The oil and gas industry in the last
three of the 53 years of Nigeria’s independence has had its ups and
downs. In the last three years a few positive developments worth
mentioning have taken place. Many more positive things may have been
achieved if the Petroleum industry bill (PIB) which is to serve as
catalyst for the industry development has not been politicised at the
national assembly.
The politicking notwithstanding, Diezani
Alison -Madueke, the minister of petroleum, has assured that the bill
would be passed into law by the National Assembly.
The Nigerian oil and gas industry cannot
be insulated from the current happenings either locally and
internationally, be it drop in the price of crude oil or insecurity and
even community disturbance of operations. But in spite of these
challenges, it has achieved some measure of progress in the industry in
the last few years.
Despite heightened insecurity issues,
government has always desired that the production level is increased.
Because of this stakeholders were mobilised through the Ministry of
Petroleum Resources to address the issue.
This was why the joint security outfits
have been stationed in some strategic areas to stem the rate of
bunkering and oil theft which has created panic in our national life.
Even though the activities of these thieves is still on, reasonable
efforts have been made to reduce the level of oil theft.
During the period under review a number
of other salient activities have been recorded. In 2012 alone a total of
600 million barrels of reserves were added representing 70 percent
replacement. And in line with government strategy of growing Nigeria
Petroleum Development company’s reserve through asset transfer, its
reserve base has grown to 1.7billion barrels through strategic
divestment.
This period also witnessed some
significant upstream activities which helped in the improvement of
overall industry performance. Usan FPSO, the new deep offshore PSC field
which is currently producing at about 103,000barrels per day was
brought into the country. The next major project in Nigeria’s deepwater
is Egina project which has been awarded and is expected to cost about
$15 billion and add 180,000 barrels per day.
Shell, Agip and other multinational oil
companies have provided an opportunity for the participation by Nigerian
players with divestment of eight blocks, (8) blocks namely OMLs 4, 26,
34, 38, 40, 41 and 42 during this period.

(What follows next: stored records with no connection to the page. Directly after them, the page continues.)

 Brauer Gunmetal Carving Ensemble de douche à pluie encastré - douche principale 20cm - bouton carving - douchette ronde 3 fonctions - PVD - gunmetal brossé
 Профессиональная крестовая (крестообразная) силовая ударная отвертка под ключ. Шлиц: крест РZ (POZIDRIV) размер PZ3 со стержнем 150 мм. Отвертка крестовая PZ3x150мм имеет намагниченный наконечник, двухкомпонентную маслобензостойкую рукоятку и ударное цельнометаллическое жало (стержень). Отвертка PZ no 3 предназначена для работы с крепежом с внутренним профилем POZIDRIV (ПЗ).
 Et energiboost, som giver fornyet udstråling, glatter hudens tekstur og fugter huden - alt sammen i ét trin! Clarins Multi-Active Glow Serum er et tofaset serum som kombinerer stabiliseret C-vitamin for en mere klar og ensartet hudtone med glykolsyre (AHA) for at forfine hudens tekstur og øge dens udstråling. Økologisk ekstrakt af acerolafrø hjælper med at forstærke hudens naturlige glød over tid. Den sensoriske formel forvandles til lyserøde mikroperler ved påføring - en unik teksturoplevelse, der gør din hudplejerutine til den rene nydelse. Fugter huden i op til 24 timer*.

NNPC/MPN JV completed Itut/Abang
Satelite Fied Development Project (SFDP) with Abang and Itut platform
fabricated by Nigerdock in Nigeria.
After extensive negotiations, expired leases such as the Oil Mining Lease (OML) 67,68 and 70 of the NNPC/MPN JV were renewed.
Active participation of indigenous
companies has resulted in the new projects coming on-stream like the
Ebok Terminal which was established by an indigenous company with
current daily crude oil production of 7,000b/d and a plateau production
of 50,000 b/d at full capacity.
As part of improving accountability with
regards to Nigeria’s oil production, the Ministry of Petroleum
Resources has concluded a pilot scheme for real time crude oil
production monitoring. The programme which is referred to as National
Production Monitoring System (NPMS) is a role monitoring system put in
place not only to monitor real time production, but also other field
parameters needed for effective management and administration.

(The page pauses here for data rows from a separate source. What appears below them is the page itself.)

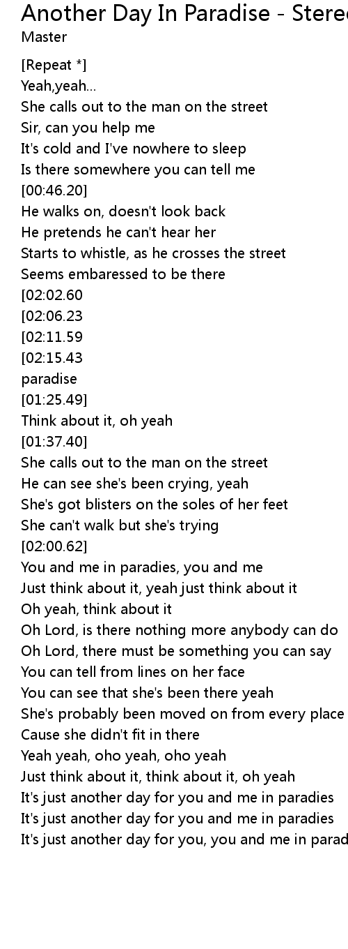 Cause it's another day for you you and me in paradise |
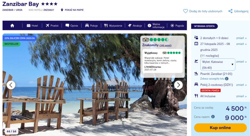 Misją Lastminuter.pl jest przedstawienie Ci najlepszych zdaniem naszej redakcji okazji na podróże. Opisujemy oferty znalezione przez nas w internecie i wskazujemy adresy internetowe, pod którymi samodzielnie możesz wykupić podróż lub elementy podróży. Ceny w artykułach są aktualne w chwili publikacji. Możemy otrzymywać wynagrodzenie od partnerów handlowych, do których Cię przekierowujemy. Nie ma to wpływu na cenę Twojej wycieczki. Powielanie publikacji zabronione.
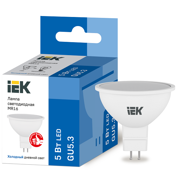Лампа светодиодная IEK Eco MR16 5 Вт GU5.3 6500К выполнена в форме отражателя (рефлектора). Такие лампы рекомендуются для замены обычных ламп накаливания и позволяют использовать лучшие преимущества светодиодов: высокое значение энергоэффективности, направленность, высокое значение CRI и долговечность, малая степень нагрева.
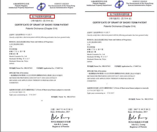 从丸美天猫旗舰店的说明中,可见该酒糟提取工艺已经应用到丸美日本酒系列。但奇怪的是,丸美日本酒系列在日本制造、研发,但该技术为什么不在日本申请专利,也不在中国大陆申请专利,而在香港申请专利,且此专利为短期专利。
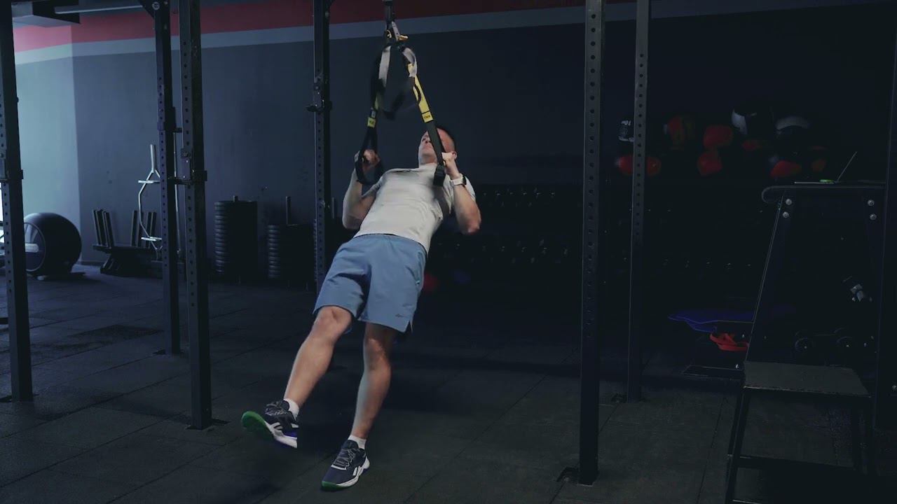 Изометрические Горизонтальные подтягивания на TRX на одной ноге/ Isometric TRX row single leg
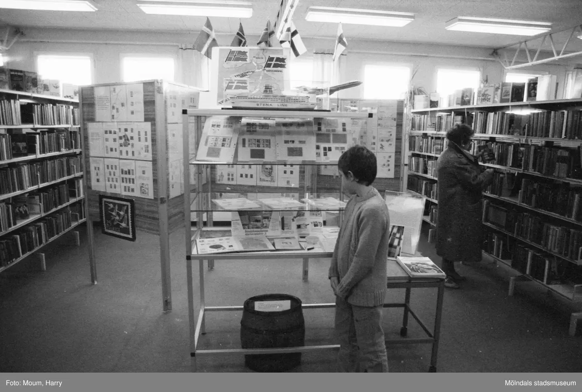 Frimärksutställning på Lindome bibliotek, år 1983.

The government desired recapitalising
the national oil company through the asset transfer programme and ensure
that government’s equity interest in assets divested by the IOCs are
transferred to Nigerian Petroleum Development Company(NPDC).
The assignment of Federal Government
interest to NPDC has served two purpose namely; it has reduced the
cash-call requirement for annual appropriation in respect of these
assets since NPDC is a self-funding subsidiary of NNPC and secondly, the
transfer of such assets are not free but on the basis of a
consideration to be paid by NNPC to the federation.
Alison-Madueke has often said that
beyond this, the strategic implication is that going forward, NNPC’s
upstream business will be endowed with quality assets to be a viable,
vertically integrated national oil company. These assets assignment will
make NPDC a medium-sized independent E and P company, with future
potential production in excess of 300kbopd.
NPDC currently supplies approximately
425mmscfd of natural gas into the domestic market to fulfil its domestic
gas obligation to the federation. The company plans to provide
additional 100mmscfd of gas from Oredo this year using POOC spare
capacity. NPDC is now the largest gas supplier to the domestic market.
Also, as regards upstream gas supply for
the domestic market, government as also targeted increased domestic
supply of gas to all sectors of the economy.
Historically, about 25% of gas was
flared; 27% used in upstream for pressure maintenance; 40% exported and
less than 10% was utilised for power and other industry users. The total
average gas production increased from 7.7bscfd to 8.24bscfd
representing 7% increase compare to 2011 levels.
Upstream gas supply generation,
industrial and household use has increased significantly during the
period under review following government prioritisation of gas supply to
the domestic market. Specifically, there was an increase in domestic
gas supply to support the power sector with over 250mmscfd of gas as
part of the emergency gas supply programme.
In addition, gas supply development is
being advanced with domestic supply at an all-time peak of 1500mmcf/d
currently, most of which is dedicated to the power sector. There is
sufficient gas currently and projected by year end to support over 5GW
of generating capacity, with a view to increasing to almost 10GW by
2015/2016.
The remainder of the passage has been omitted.